Gene ontology (GO) annotation was performed to classify sex-biased genes (Fig. 3). Results also showed a much higher number of male-biased genes than female-biased genes. Most of the GO terms showed significantly higher counts for male-biased genes. At the molecular function level, there were significantly more DEGs in catalytic activity and binding GO terms than in other terms. The cell part and cell GO terms had greatest DEG counts at the cellular component level. At the biological process level, cellular processes, metabolic processes, and single-organism processes had the top counts. By enrichment analysis, there were 49, 53, and 312 enriched GO-terms for male-biased DEGs, and 111, 155, and 380 enriched GO-terms for female-biased DEGs, in the cellular component, the molecular function and the biology process categories, respectively (Additional file 1: Table S3). The most enriched GO-terms for male-biased DEGs included DNA-directed RNA polymerase in the cellular component category, RNA polymerase activity in the molecular function category and isoprenoid biosynthetic and metabolic process in the biology process category (Table 4). As for female-biased DEGs, the most enriched GO-terms at cellular component level was mitochondrion and ribosome, the most enriched GO-terms associated with molecular function were aminoacyl-tRNA ligase activity, and the most enriched biology process were translation, cellular biosynthetic process and organic substance biosynthetic process (Table 4).

Fig. 3
figure 3

Distribution of DEGs among GO terms in biological processes, molecular functions, and cellular components

Table 4 Representative enriched GO terms (Bonferroni-corrected P-value ≤ 0.05) and pathways for sex-biased (Q value ≤0.05) genes

Enriched pathways (Table 4) associated with male-biased DEGs were mRNA surveillance pathway, RNA transport, ABC transporters, terpenoid backbone biosynthesis etc. And enriched pathways for female-biased DEGs were oxidative phosphorylation, metabolic pathways, aminoacyl-tRNA biosynthesis, steroid biosynthesis, ribosome biogenesis in eukaryotes, DNA replication, vasopressin-regulated water re-absorption, neuroactive ligand-receptor interaction, cell cycle, nucleotide excision repair etc.

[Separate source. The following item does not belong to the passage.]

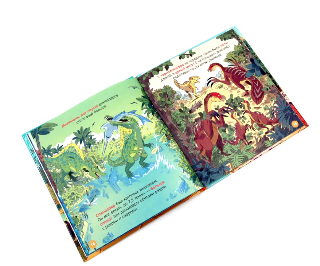Комплект книг - две энциклопедии с яркими детальными иллюстрациями - поможет маленьким читателям весело и легко познавать окружающий мир. Это книги для малышей 3-5 лет с интересными фактами, заданиями на развитие памяти и внимания и множеством открытий. Книга «Динозавры» - увлекательный рассказ о жизни этих загадочных древних животных и о профессии палеонтолога. Маленькие читатели узнают, кто из динозавров был самым грозным, есть ли на земле потомки динозавров и многое другое. В книге «Космос» малышам простым языком рассказывается о гравитации, космических исследованиях, МКС и многом другом. Например, кто первым побывал в космосе, где живут космонавты и почему они носят скафандры.
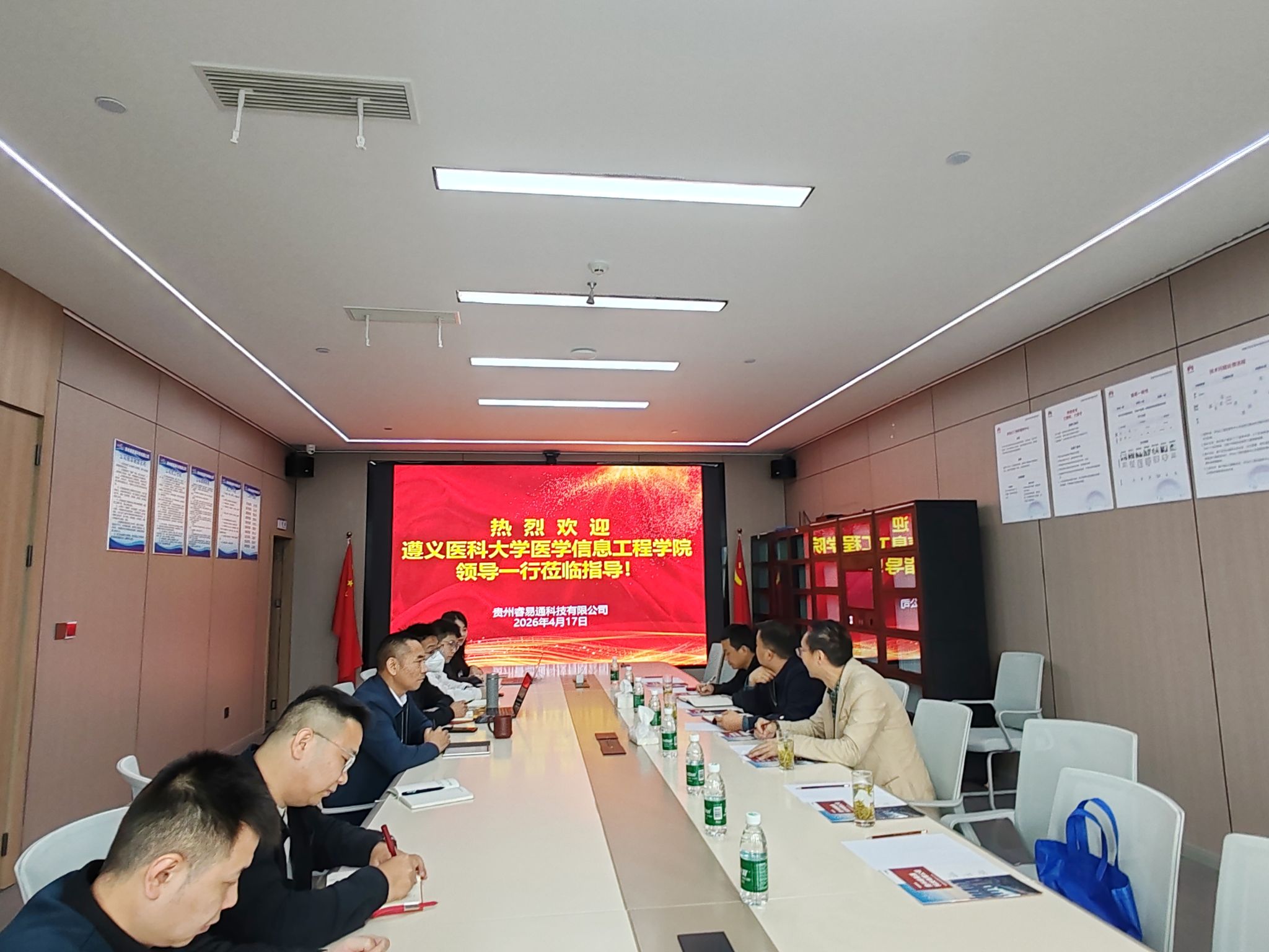 为深化产教融合、拓宽学生实习就业渠道,4月17日,医学信息工程学院赴贵州睿易通科技有限公司开展访企拓岗工作。校企双方围绕学生实习就业、人才培养、校企项目合作等事项进行座谈交流。学院党政主要领导,教务科负责人、辅导员老师参加访企拓岗工作。

According to the enrichment analysis results, transcription was the most enriched activity in testis and translation and mitochondrion synthesis were the most enriched activities in ovary. Further studies on DEGs associated with the GO terms and pathways are needed to reveal the different molecular mechanisms that apparently exist between ovarian and testicular developmental processes.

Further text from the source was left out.